Imre Kőszegi, quoted in frankzappa.blog.hu, December 15, 2012

We had used to play in Merlin Theatre's jazz club those days, and the organizer told us one day "Guess what, Demszky invited Frank Zappa to Budapest, he's already arrived and will come down this evening". He was already told about us, about our group, as it was made up then by Szakcsi on keyboards, Egri on bass, Babos on guitar and me on drums. The organizer guy asked us, what about choosing us to play with him...?

So he came down, [...] and then we played music for a while. "You are the ones", he said, "so we're gonna play tomorrow". [...] Someone came up with the idea of having a short rehearsal the other day. "Right", he said, "it's not that important, but anyway, let's do it". [...]

We went out to the Tabán, at about 11 a.m., the stage was just being built, there was no audience yet only some people walking up and down in the park; well, we said, let's give it a try then. It was just a kind of jam-session of course; playing his music was out of question as we would've needed much more than 10-15 minutes in that case [...]. We had a chat, we played several rythmic and harmonic schemes—it was damned good, just playing around.

That was all very well, but! Useless to say, in the evening concert we didn't play a hint of what we had rehearsed in the morning... [...] So we went up to stage, I was sitting quite far from him, on a kind of a small platform, down there was Szakcsi sitting, then Egri, and right in front there was Frank with Babos behind him. There he was, with his cigarettes put among the guitar strings all the time. [...] We kept an eye on him, on his gestures—he wanted to show that the music should flow freely, like a permanent humming noise. By this he wanted to imitate the withdrawal of the soviet military troops from Hungary. It was a march-like tempo. We couldn't talk to each other, he was quite far away, but during the decades of the professional career one gets used to be able to accompany somone only by seeing his hair moving.

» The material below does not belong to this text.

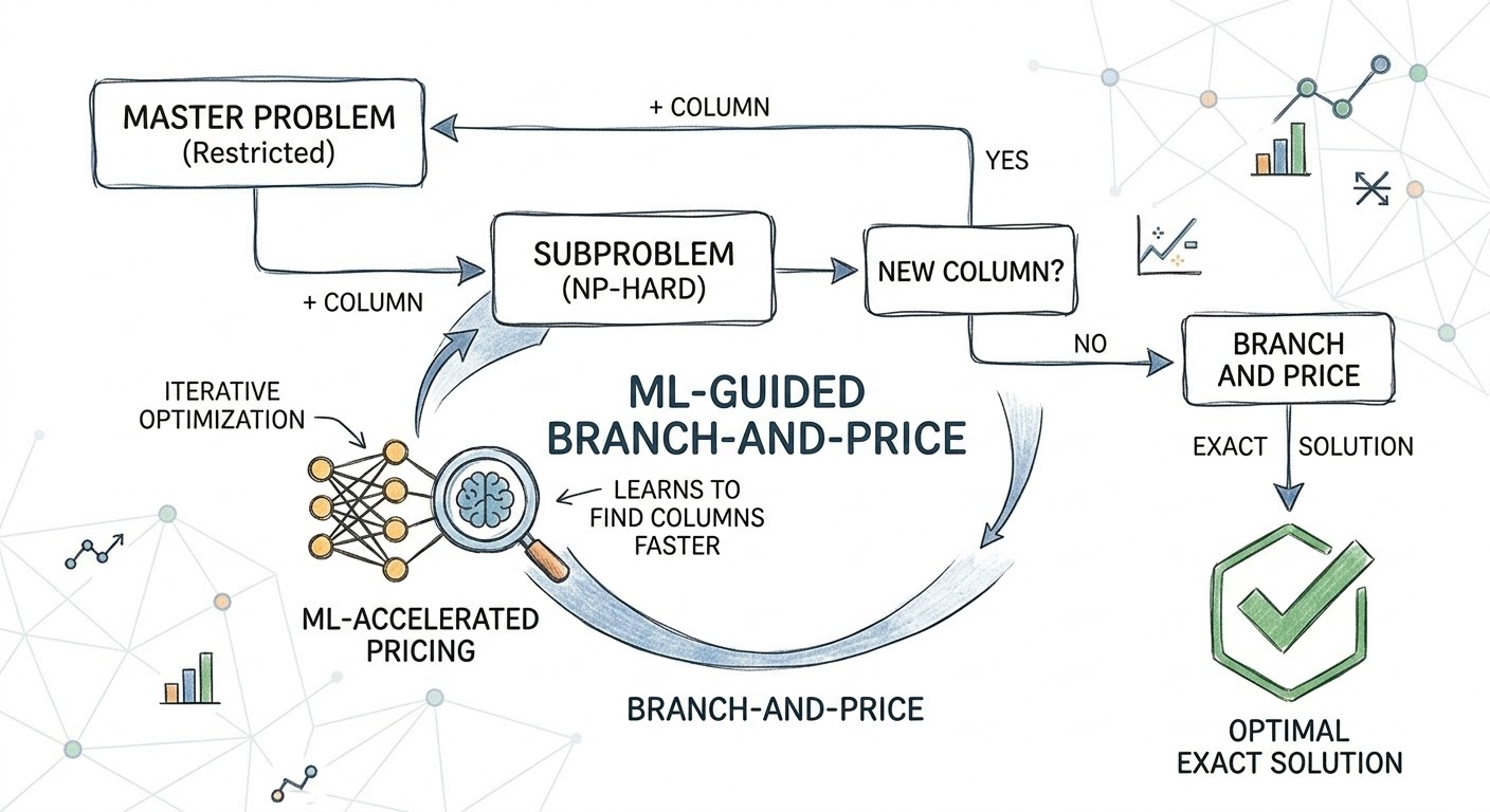 Classic combinatorial optimization problems can be solved exactly using column generation and branch-and-price techniques. However, the computational bottleneck often lies in the subproblem, which is typically NP-hard and frequently approximated with heuristics. We are wroking on frameworks that integrate machine learning to learn key elements of the pricing problem, accelerating the solution process while maintaining the exactness of the overall framework.
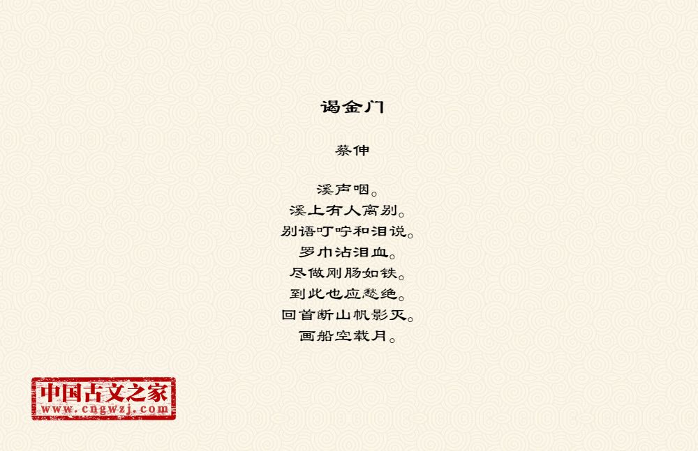溪声咽。溪上有人离别。别语叮咛和泪说。罗巾沾泪血。尽做刚肠如铁。到此也应愁绝。回首断山帆影灭。画船空载月。

I can even follow a singer if I can't hear him just see him taking breath. So I kept watching his foot clapping the rythm, I followed the tempo, we started to play...

He conducted like a mime does—and then a wonderful thing happened. I still cannot understand this even today—this is quite a particular thing, but you'll see what I mean. We played in 4/4, you know this kind of rhythm. We changed it here and there, to a more rock-like style—then suddenly he showed us the palm of his hand wide open, with the five straight fingers. Well, one could've thought that he wanted to catch a fly, or say farewell...

He meant a 5/4 rythm. 5/4! Just by showing this, we changed to 5/4. I started it, this was my task as a drummer. And it worked perfectly. It went on like knife cutting the butter. Even today I can't recall for how long it lasted—30 minutes, or an hour? I swear I could never tell how much we played, for me it was like a whole life, or one hundred years.

It was just marvellous.

Istvan Fekete

Taban Szinpada
6/30/91

Budapest
--------
'Taban' was the location of the concert. It is a part of Budapest where the houses were demolished at the beginning of the 20th century. Now it is an empty hillside which is sometimes used for open-air concerts. Szinpad = stage. 'Taban szinpada' would be 'stage of the Taban'. Neil Slaven in his book gives the location wrongly as 'at the Tabanban'. 'Tabanban' means 'at the Taban'.

The band consisted of FZ and 4 hungarian (gypsy) jazz musicians who were invited to support FZ. So this was a different setup to Prague.

There was a soundcheck in the morning, where they played for about 15 minutes. In the evening, FZ was introduced by mayor Gabor Demszky who had invited him to Budapest for the Summer Festival. Then Frank said the song they're going to play will be called 'One of a kind'. They jammed for about 20 minutes, and they came back for a 10 minute encore. That was it. Frank didn't play too much, most of the time he left the band play (or conducted it) and waited for the right moment to join them. My favorite is the soundcheck, but his other solos are worth a listen too. His guitar sounded really beautiful.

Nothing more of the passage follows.